I started to explain the situation, but then thought it would be better if we could sit down somewhere. This would make it easier for Pat's artificial knees and perhaps give me a chance to hide my slippers (and my shorts) under a table.

She seemed disappointed that she wasn't going to be able to complete her 'advocacy' role in the corridor but led us to her office.

When we were sitting, I pointed out that I was sure that in a large, well-organized hospital like this, there must be some way to produce a final bill. I pointed out that one of her hospital's employees had promised me on the phone that I could come in and get the final bill.

She was very sympathetic but said there was nothing that she could do. Computers, and all that.

I said that I understood that at her level she couldn't solve the problem but that my experience of large organizations was that there was always someone who could cut a Gordian Knot.

I asked if we could see the hospital's CEO (in my slippers and shorts).

After some phone calls, she reported that the CEO was in meetings. She said that the Chief Financial Officer would have been delighted to meet us but he was in a conference call that would last at least another half hour.

I said that was fine, we would wait---in her office.

More phone calls and then she said the CFO had been able to end his conference call and would be right down. As we waited for him, she busily cleaned her desk, organizing files and papers into neat piles.

The CFO, a well-nourished young man in a good suit, listened sympathetically to me (the hospital did 'sympathy' very well---probably an empathy training course). Unfortunately, neither he or the CEO could over-rule the computers. He did think of a way of tricking the computer so they could give me an interim bill that no longer showed the famous $345. I could submit that to the company and in the meantime the hospital would complete the final report with all the costs broken down by codes for the diagnosis and treatment, and would mail that to the insurance company.

Accepting that I had got as much as I could get, I threw in the towel and walked out of the hospital, trying to pretend that I was wearing shoes, not slippers.

When we got home to Canada, I sent all the documents to the insurance company.

Nearly two months went by as the company requested and then waited for the hospital to send the final bill.
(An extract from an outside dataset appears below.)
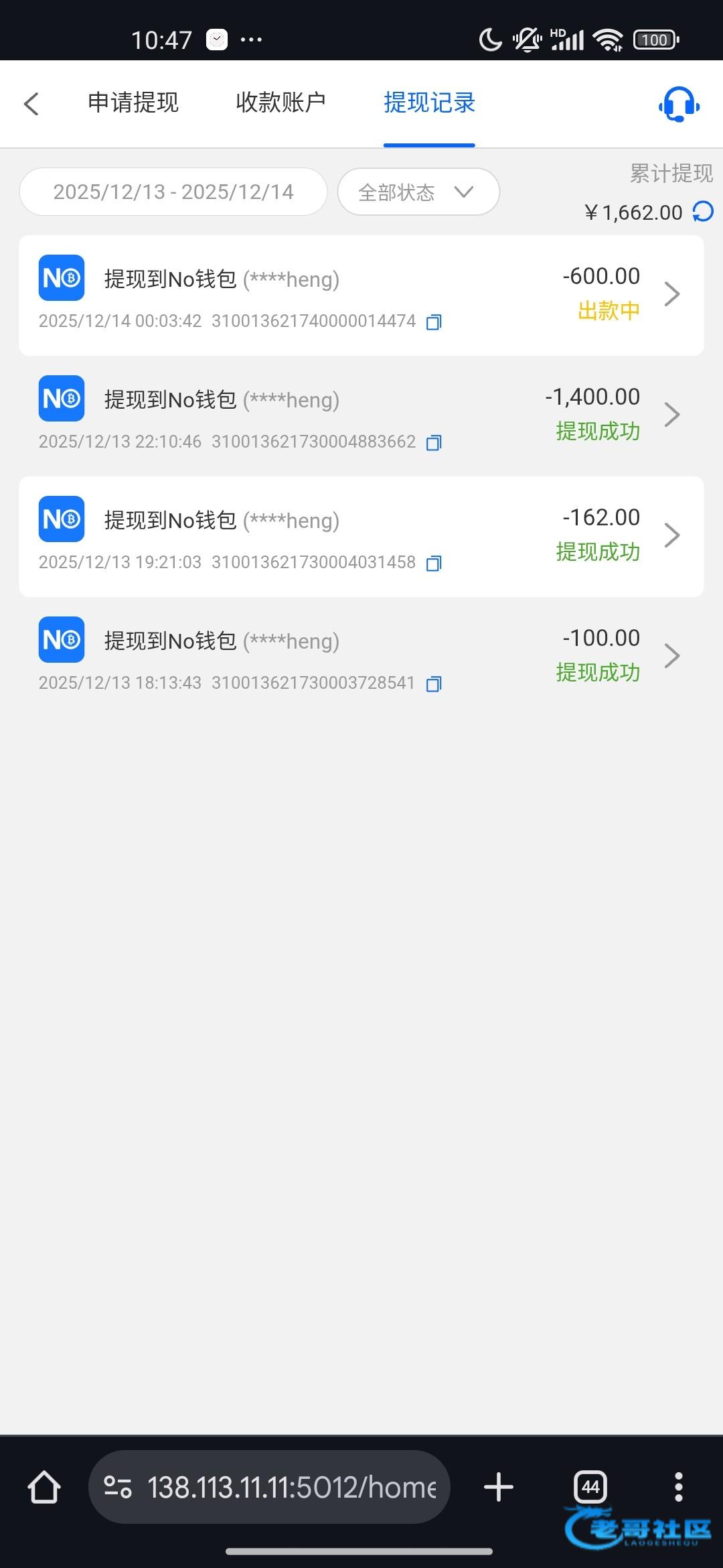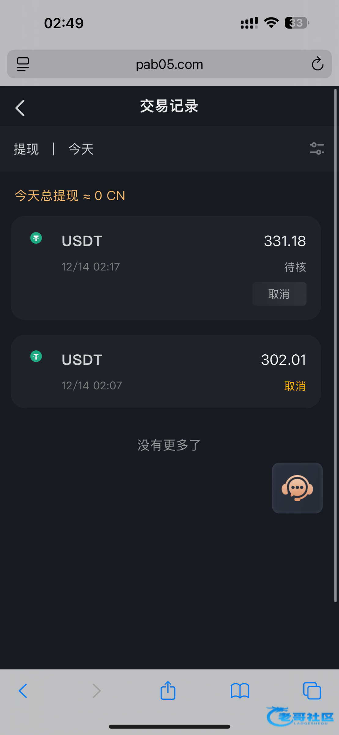 提现俩笔,第一次提现没到账显示到账,第二笔提现二分钟到,问客服就是钱包有波动稍后核实在补发,老哥们自行斟酌吧。提钱...

It had to be an original and this meant it had to come by US mail---no faxing, or scanning and emailing.

Finally, after some prodding from us, the insurance company agreed to send a cheque for the full amount without waiting for the final bill.

The cheque has now been received and is resting comfortably in our bank account.

I have decided not to worry about whether the hospital ever sends the final bill to the insurance company.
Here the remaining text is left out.